* **Exercise goal**
From the first line of the data down to the line bearing "Long sleevesV-neck Belt", output every line exactly and include no pictures.

* **Exercise data**
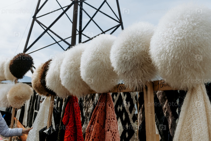 На восточном рынке продают местную традиционную одежду и ткани на полках магазина
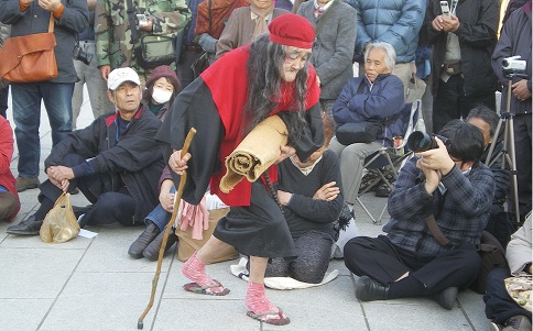 定時の2時を2、3分回ってから、スターバックス方向からギリヤーク師が登場した。まさかスタバにいた訳でもあるまいが、ちょっとうれしそうに見える。例によってカートにトランクとカセットレコーダー、スピーカーを乗せ、茣蓙などの入った包みを抱えて現れた。足下を見ると、革靴が新しい。新調したのだろうか。
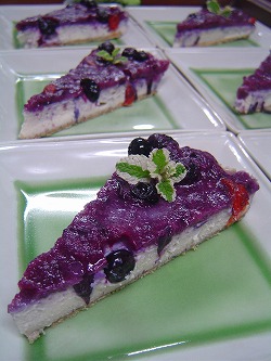 作りおきしておいた巨峰の丸ごとコンポート。今日はそれを使ってタルトを焼きました。「養生園の週末ご飯」にも載っている豆腐のチーズケーキ風をアレンジ。「巨峰のタルト」です。今晩のゲストは20人。コンポートの量が少なかったのでフードプロセッサーにかけてペースト状にして固めました。豆腐のところもこの巨峰ソースを入れたので上品にうっすら紫色。冷凍しておいたブルーベリーと養生園スイーツ定番クコの実も入れて、色鮮やかな大人のスイーツに。味付けや作り方は本の中のデザートのページを是非参照下さい。シンプルなのでかなりアレンジができます。今日もそのひとつ。久々に作った豆腐のチーズケーキ。巨峰さんありがとう。明日もまた素晴らしい一日になりますように。大地の恵みに感謝…!
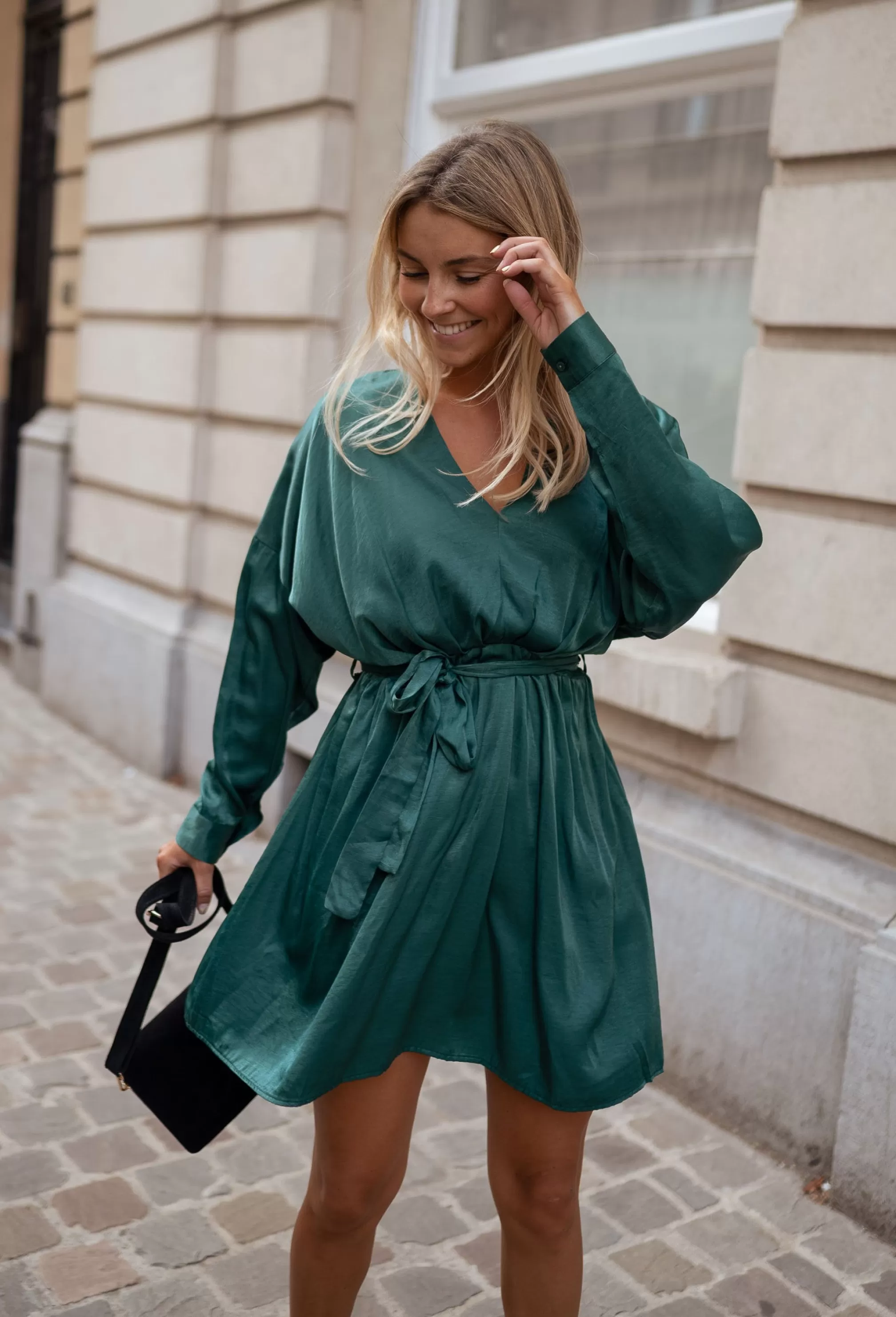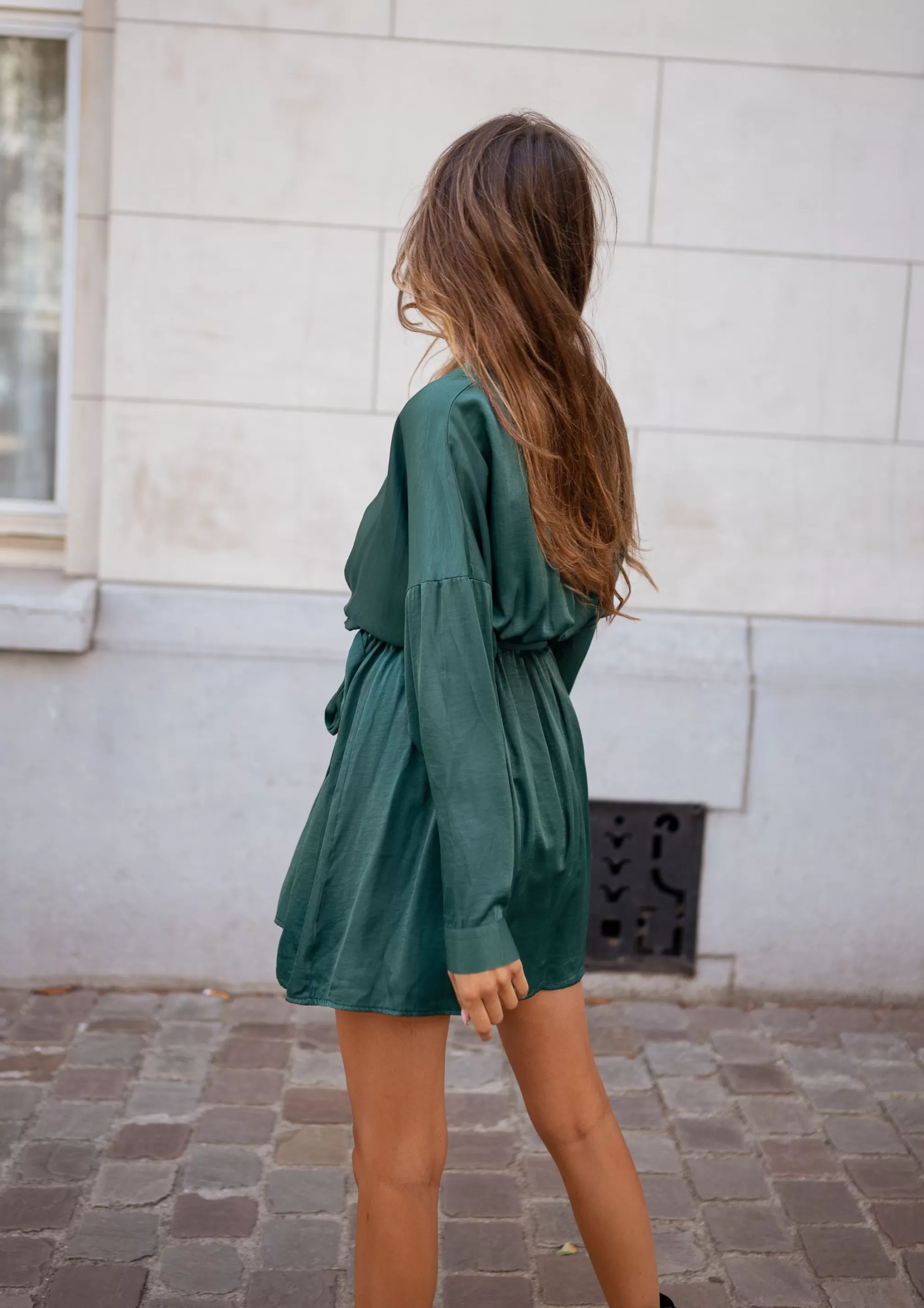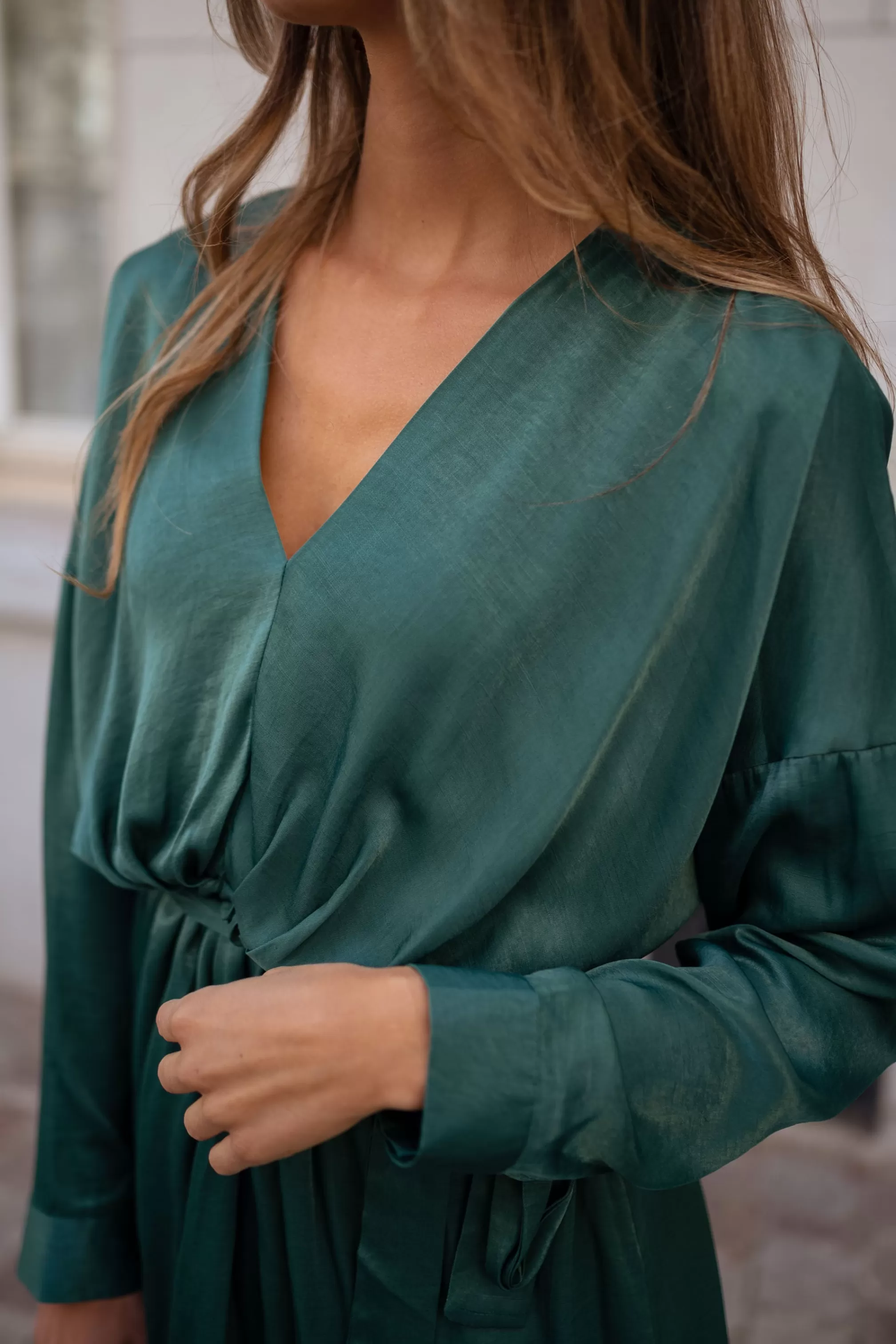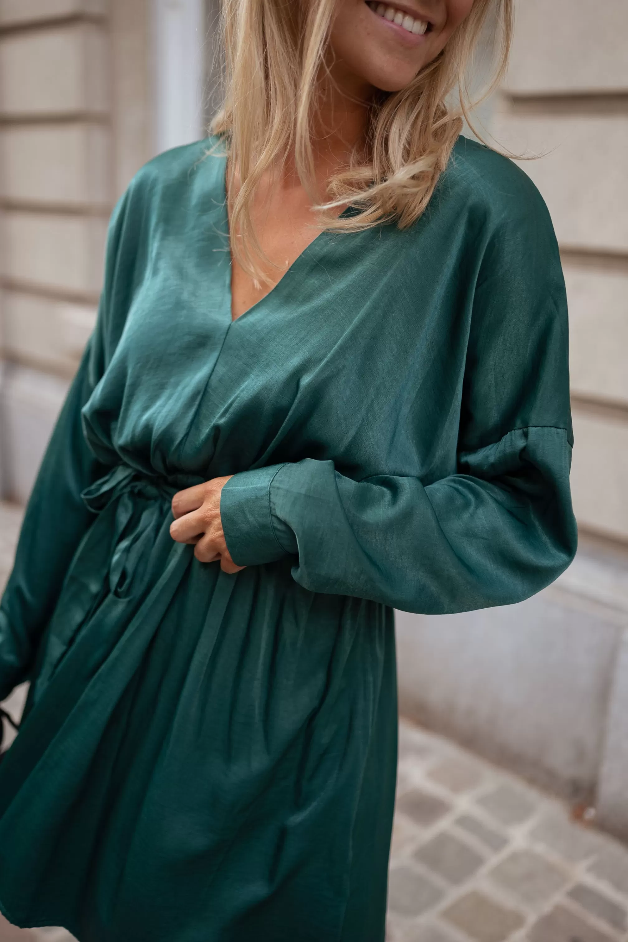 Long sleevesV-neck Belt provided Slightly flared sleevesNot linedElastic in the back…
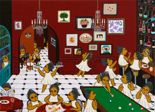 | 賭け事は楽しい。パチンコ・カジノに溺れるのはどうかと思うが、競馬・競艇・競輪と、スポーツ振興につながる賭けもたくさんある。 作為的に創り出す興奮とでもいおうか、ポーカーやマージャンなど頭脳戦を伴う賭けは、人間ならではのゲームだろう。 この絵では、古いつくりの建物内の賭けゲームのできるクラブの様子を描いてみた。暗がり、少人数で息をつめてトランプに熱中する様や壁にかかる怪しげな絵画。部屋の奥からのぞく人など、ちょっとダークな雰囲気が賭け事という緊張を伴う快楽と相まってなかなか面白い作品に仕上がったと思う。 ちょっと参加してみようか。賭けに負けるのは嫌だけど。 |

* **Problem solution**
 На восточном рынке продают местную традиционную одежду и ткани на полках магазина
 定時の2時を2、3分回ってから、スターバックス方向からギリヤーク師が登場した。まさかスタバにいた訳でもあるまいが、ちょっとうれしそうに見える。例によってカートにトランクとカセットレコーダー、スピーカーを乗せ、茣蓙などの入った包みを抱えて現れた。足下を見ると、革靴が新しい。新調したのだろうか。
 作りおきしておいた巨峰の丸ごとコンポート。今日はそれを使ってタルトを焼きました。「養生園の週末ご飯」にも載っている豆腐のチーズケーキ風をアレンジ。「巨峰のタルト」です。今晩のゲストは20人。コンポートの量が少なかったのでフードプロセッサーにかけてペースト状にして固めました。豆腐のところもこの巨峰ソースを入れたので上品にうっすら紫色。冷凍しておいたブルーベリーと養生園スイーツ定番クコの実も入れて、色鮮やかな大人のスイーツに。味付けや作り方は本の中のデザートのページを是非参照下さい。シンプルなのでかなりアレンジができます。今日もそのひとつ。久々に作った豆腐のチーズケーキ。巨峰さんありがとう。明日もまた素晴らしい一日になりますように。大地の恵みに感謝…!
 Long sleevesV-neck Belt provided Slightly flared sleevesNot linedElastic in the back…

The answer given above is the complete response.